Active managers want a piece of the massive inflows into the ETF industry, especially since flows to mutual funds and other actively managed accounts continue to dwindle.

And they’re using smart beta to secure a toehold in the industry. Although the style may be called “smart beta,” the active manager strategies vary, and they’re promoting their approaches as a way to stand out.

Institutional Quality
Firms like Goldman Sachs Asset Management (GSAM) and J.P. Morgan designed their ETFs using the same propriety research that goes into their institutional products. Jillian DelSignore, head of ETF distribution for J.P. Morgan, says their ETFs “democratize” access to investments like hedge fund strategies, making it available to all types of investors.

J.P. Morgan’s ETFs were developed based on research by Yazann Romahi, chief investment officer of beta strategies at the firm.

“The Diversified Return Equity ETFs are multifactor plus—meaning we’re not only doing factor-based investing, but diversifying risk at the sector and regional level,” she said, noting the funds’ total assets under management (AUM) just surpassed $2 billion.
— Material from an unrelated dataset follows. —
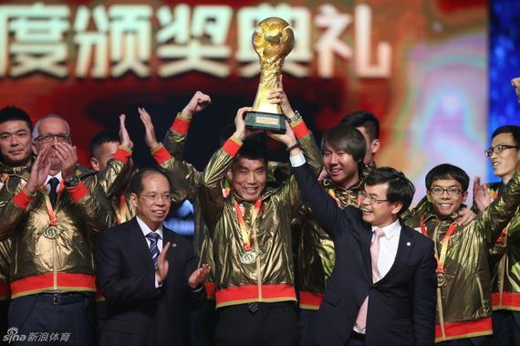 图片说明:恒大2014年捧杯(资料图)

Others are applying in-house active management strategies with an ETF wrapper. Patrick O’Connor, global head of ETFs at Franklin Templeton, said it’s using a multifactor approach, but use 50% quality and 30% value, with 10% each on momentum and low volatility. Most multifactor ETF issuers equal-weight the exposure to the different factors.
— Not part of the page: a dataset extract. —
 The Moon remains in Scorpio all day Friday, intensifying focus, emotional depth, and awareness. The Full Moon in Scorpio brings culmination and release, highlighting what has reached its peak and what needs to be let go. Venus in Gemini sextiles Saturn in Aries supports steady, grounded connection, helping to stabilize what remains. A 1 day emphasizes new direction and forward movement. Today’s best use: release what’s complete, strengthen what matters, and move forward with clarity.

It’s how they would pick stocks as active managers, O’Connor said: “We just systematized it in our multifactor products. They are no weighting schemes like that in the U.S. or anywhere.”

Franklin’s multifactor Liberty Shares ETFs just celebrated a one-year anniversary, although its first ETF was the Franklin Liberty Short Duration U.S. Government ETF (FTSD), which launched in 2013. Its AUM is now almost $800 million.

Paul Kim, managing director, ETF strategy at Principal Global Investors, whose firm launched its ETFs in 2015 and has $1 billion in AUM, says it takes “very much a practitioner’s perspective” on smart beta.

“We don’t take off-the-shelf indices; we’re not doing simple rules such as equal weights. We’re basically looking at factors that we would look at from a fundamental research perspective and trying to put them into indices,” he said.